This year I wrote a bunch of groove pedagogy, including a book proposal and related materials aimed at future publications and teaching. So far, the only published part of all that work is 5 Pop Grooves for Orff Ensembles, a collection of educational music that I composed with Heather Fortune. But lots more is coming, hopefully this year. More on that below.
The two most significant things that I actually completed this year were the syllabi for two New School classes, The Song Factory and Musical Borrowing from Plainchant to Sampling. Many of this year’s blog posts were motivated directly or indirectly by those classes.
Here are some reference materials for the Song Factory.
We spent some quality time on the Beatles in class, and I wrote some song analyses partially as class prep and partially for my own enlightenment.
My older kid got deep into learning David Bowie songs this year. I analyzed a bunch of them so we could play them together, and several of them also turned out to be relevant to the Song Factory as well.

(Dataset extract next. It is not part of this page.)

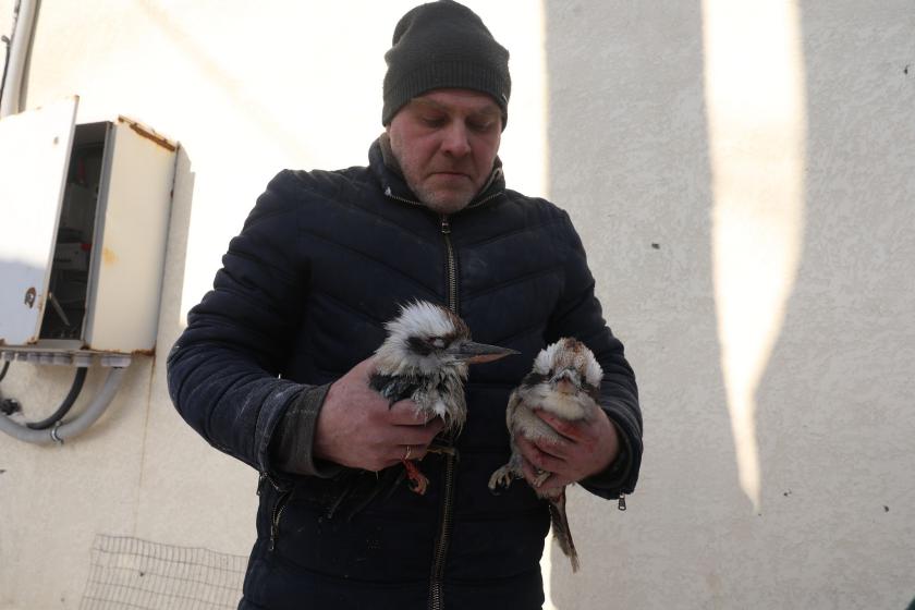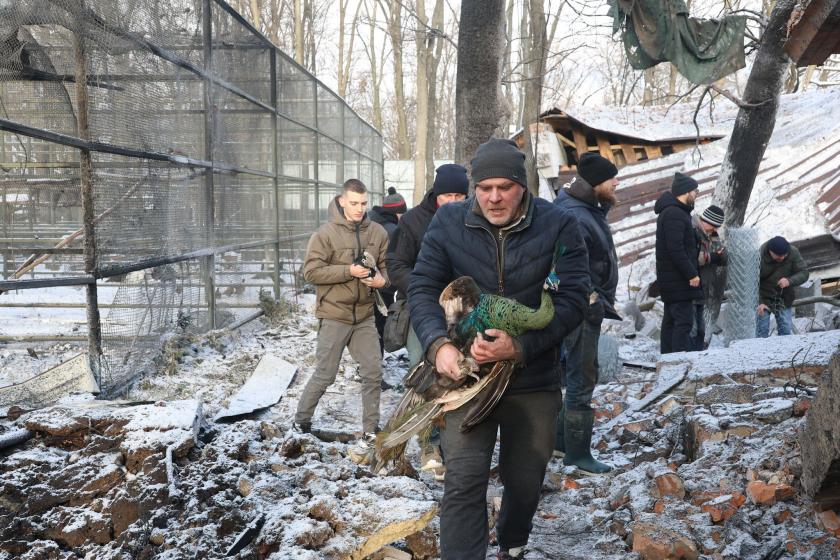 Співробітники екопарку переносять птахів до вцілілих приміщень. Павича вдалось зняти з дерева.
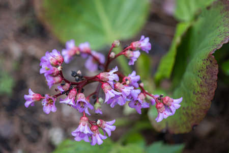 Bergenia Crassifolia Fritsch flowers, common names: heartleaf bergenia, leather bergenia, winter-blooming bergenia, elephant's ears, Siberian tea, Mongolian tea, family: Saxifragaceae, region: central Asia

- “The Man Who Sold The World“
- “Moonage Daydream“
- “Life On Mars?“
- “Changes“
- “Ashes to Ashes“
- “As The World Falls Down“
- “Absolute Beginners“
Here are some reference materials I wrote for Musical Borrowing.
- Dies Irae
- The Beastie Boys, James Newton and Phonographic Orality
- Scientist Rids The World Of The Evil Curse Of The Vampires
The class was mainly motivated by the study of hip-hop sampling, and I wrote some track analyses for class prep.
- “Don’t Sweat The Technique“
- “Eye Know“
- “Little Simz and Ramsey Lewis“
- “Ahmad Jamal and hip-hop“
- “Can I Kick It?“
I also continued teaching music tech for music educators, and I wrote a couple of new explainers for those classes.
So now for the groove pedagogy situation. I have some larger ambitions with the study of groove. I think there’s a need for a music theory textbook about how rhythm, harmony and form work in genres like funk, dance and hip-hop. I wrote a proposal for a groove-oriented theory text, and there is some publisher interest, but I have to do a lot of revising and reshaping. The big problem is figuring out who would buy and use such a book. I don’t even have a place where I can teach a groove-centric musicology or theory class myself, much less a sense of how to find a critical mass of other teachers who would want to buy a groove theory book. Heather Fortune and I do have a lot of instrumental methods and compositions for school ensembles in the pipeline, those will be coming out from F-Flat Books at some point in 2024. In the meantime, I continue to write about groove, both because I enjoy doing it and because I am hopeful that an audience will present itself if I just keep at it.
- Polymeter and polyrhythm
- Teaching swing
- Building the Funky Drummer break
- Building the Amen break
- “There Was A Time (I Got To Move)“
- “God Make Me Funky“
- “Baby, I Love You“
- “Rock Steady“
- “Pusherman“
- “I Heard It Through The Grapevine“
- “Freedom Jazz Dance“
- “Don’t You Worry ‘Bout A Thing“
- “Love Rollercoaster” and “Genius of Love”
Finally, I wrote two dissertation-related things this year.
- “Building Hip-Hop Educators” – a book chapter collab with my music education inspiration Toni Blackman
- A ten page summary of my dissertation for a thing I applied for – if you are curious about my research and don’t want to read three hundred pages, this is for you.
Looking at all of this collected in one place, it does seem like a lot of material. Analyzing music is easy and fun for me! Finding institutional settings to do this work is much harder. Hopefully that will get easier.